With so many different sounds and musical feels on 7 Day Cycle, it is no wonder that Ebony Eyez often vibes off the beat before she starts writing her lyrics. "I like to listen to the beat and let it talk to me," she says. "It gives me the instructions of what to do with the song a lot of times. I make sure that I flow for a minute, but I always kind of go somewhere else for a few bars to make sure that I keep people's attention. I like to give people that like to really hear lyrics something and then people who don't really pay attention to lyrics sometimes."
Born and raised in St. Louis, Ebony Eyez has been a microphone fiend since she was a child. By age 9, she was already in a local group and spent most of her free time practicing her rapping and dancing skills. The group never took off, but after a few years off from music, she resumed writing lyrics.

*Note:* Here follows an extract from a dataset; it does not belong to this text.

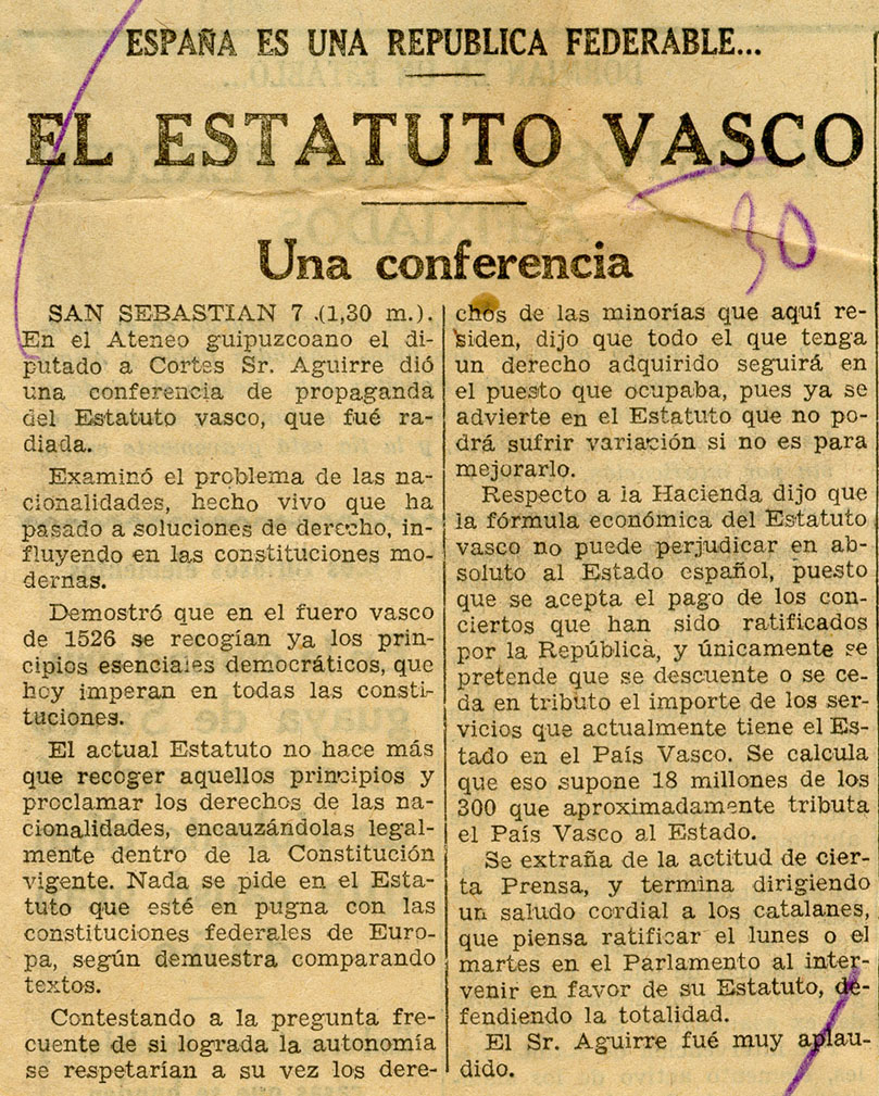 - España es una República federable... El estatuto Vasco. Una conferencia.

Ebony Eyez then tried college, but music was still calling her. She formed a rap duo with another female rapper, but her partner in rhyme soon deserted. Ebony Eyez decided that was a sign to push even harder to reach her dream of rap stardom.
"I realized that I had put so much time and energy into this and I'm not the type of person that can do something and just give up on it," she says. "I'm too stubborn for that, so I was like, 'It's time to go hard.' I just went hard with it."
Through a mutual friend, Ebony Eyez got in touch with rising music executive Big Bob, who was managing J-Kwon. Bob reconnected her with her friends The TrackBoyz, then riding high thanks to their work with J-Kwon. The TrackBoyz were impressed with Ebony's work and started recording with her.
Ebony's energetic rhymes earned her slots on J-Kwon's platinum Hood Hop album and the XXX2 soundtrack. Now, with the buzz surrounding "In Ya Face" and 7 Day Cycle building, Ebony Eyez is ready to show why she's the first female rapper from St. Louis to break nationally.
"I'm trying to stand on my own two feet," she says. "I'm raw, real and ready to show what I've got. I'm trying to make a statement."